◆ Assigned task
Under this line are records; the part from the line containing "mit Kamin (neu)" through the line containing "(3) 在橋頂部摩擦片和橋的" should be repeated exactly. Please exclude pictures.
▼
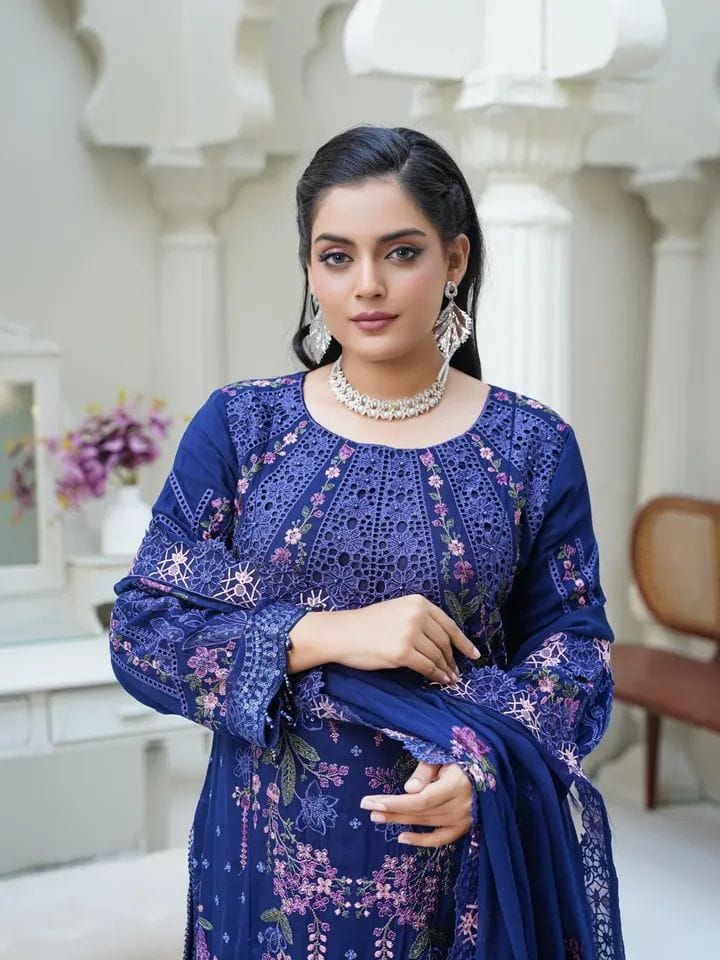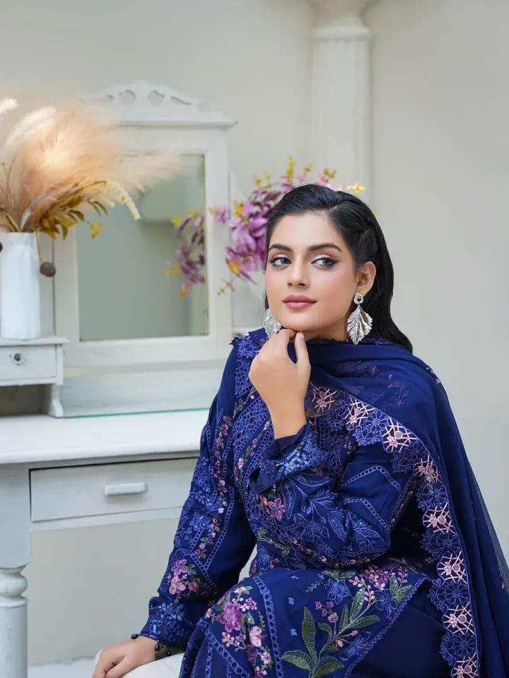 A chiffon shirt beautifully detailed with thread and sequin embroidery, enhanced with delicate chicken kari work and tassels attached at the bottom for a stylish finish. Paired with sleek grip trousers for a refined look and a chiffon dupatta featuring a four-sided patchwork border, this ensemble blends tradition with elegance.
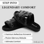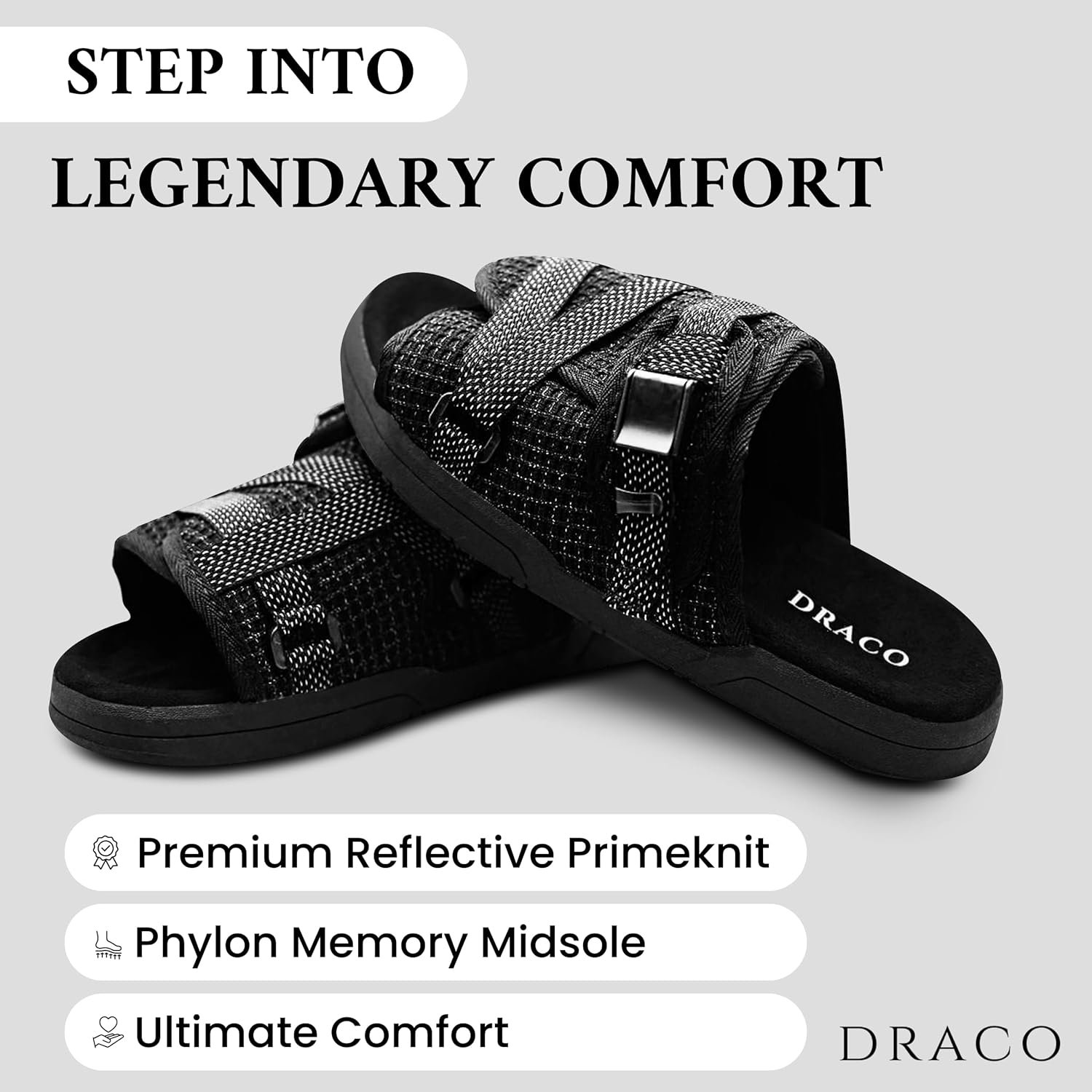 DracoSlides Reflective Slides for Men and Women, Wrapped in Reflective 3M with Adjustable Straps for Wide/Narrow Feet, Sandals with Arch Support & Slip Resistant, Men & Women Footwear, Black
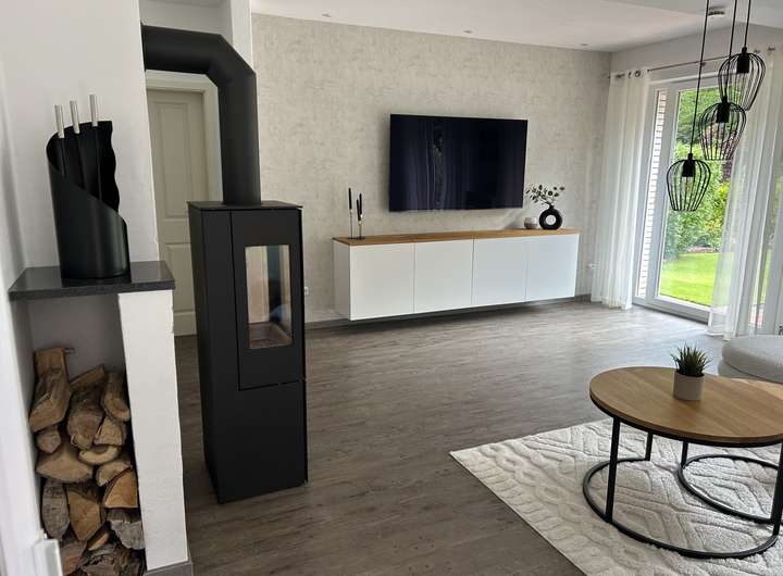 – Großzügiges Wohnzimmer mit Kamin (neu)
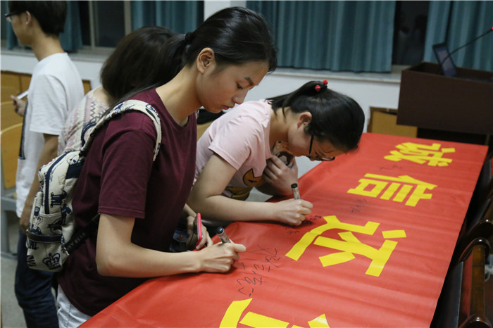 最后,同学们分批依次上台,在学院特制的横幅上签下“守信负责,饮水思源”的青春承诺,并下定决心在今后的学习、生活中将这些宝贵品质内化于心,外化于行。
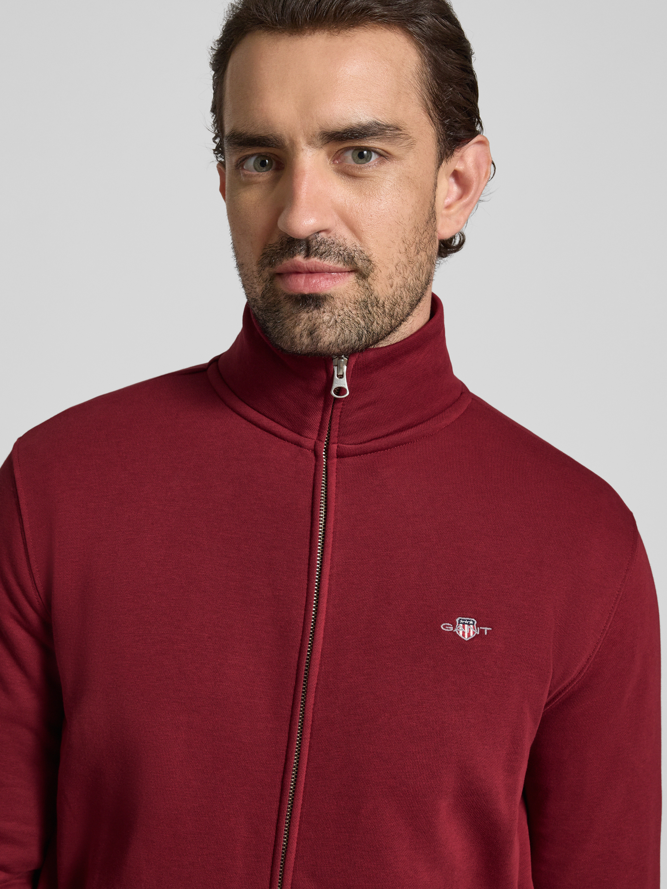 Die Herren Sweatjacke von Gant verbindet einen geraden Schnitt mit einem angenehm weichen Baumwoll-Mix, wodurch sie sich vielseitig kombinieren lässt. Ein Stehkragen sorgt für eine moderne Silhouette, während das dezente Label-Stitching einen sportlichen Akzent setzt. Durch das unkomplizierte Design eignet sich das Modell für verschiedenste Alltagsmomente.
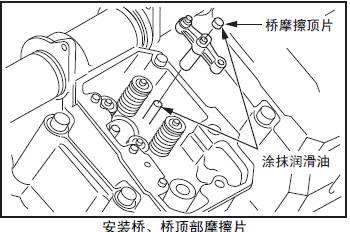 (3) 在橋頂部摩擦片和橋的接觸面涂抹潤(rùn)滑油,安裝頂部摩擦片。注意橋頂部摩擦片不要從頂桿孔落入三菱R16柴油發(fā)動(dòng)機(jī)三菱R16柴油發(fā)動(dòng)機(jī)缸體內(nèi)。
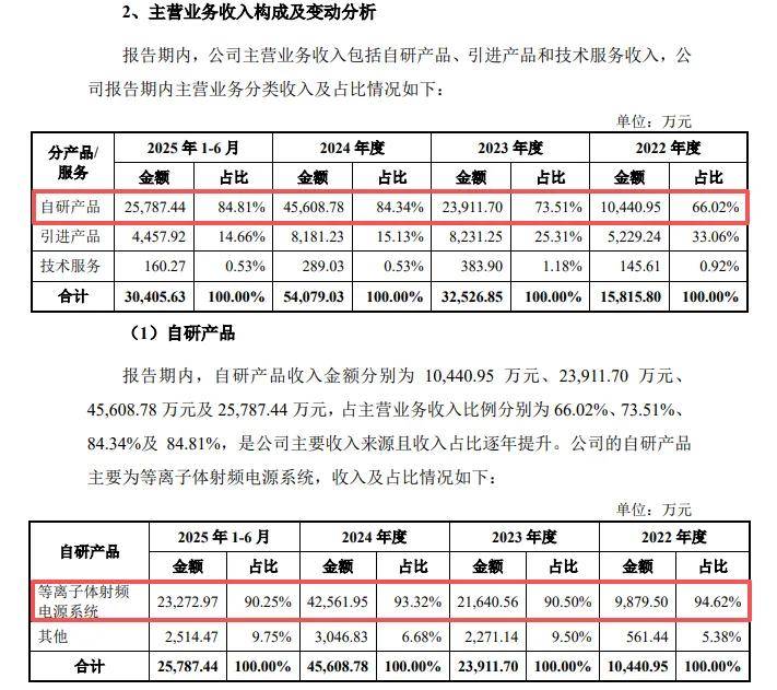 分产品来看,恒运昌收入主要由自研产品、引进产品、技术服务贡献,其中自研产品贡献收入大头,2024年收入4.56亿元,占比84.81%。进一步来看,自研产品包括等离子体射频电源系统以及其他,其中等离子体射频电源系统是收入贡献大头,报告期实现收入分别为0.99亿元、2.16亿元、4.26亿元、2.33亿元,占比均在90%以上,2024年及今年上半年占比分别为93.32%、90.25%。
▲
◆ Task response
 – Großzügiges Wohnzimmer mit Kamin (neu)
 最后,同学们分批依次上台,在学院特制的横幅上签下“守信负责,饮水思源”的青春承诺,并下定决心在今后的学习、生活中将这些宝贵品质内化于心,外化于行。
 Die Herren Sweatjacke von Gant verbindet einen geraden Schnitt mit einem angenehm weichen Baumwoll-Mix, wodurch sie sich vielseitig kombinieren lässt. Ein Stehkragen sorgt für eine moderne Silhouette, während das dezente Label-Stitching einen sportlichen Akzent setzt. Durch das unkomplizierte Design eignet sich das Modell für verschiedenste Alltagsmomente.
 (3) 在橋頂部摩擦片和橋的接觸面涂抹潤(rùn)滑油,安裝頂部摩擦片。注意橋頂部摩擦片不要從頂桿孔落入三菱R16柴油發(fā)動(dòng)機(jī)三菱R16柴油發(fā)動(dòng)機(jī)缸體內(nèi)。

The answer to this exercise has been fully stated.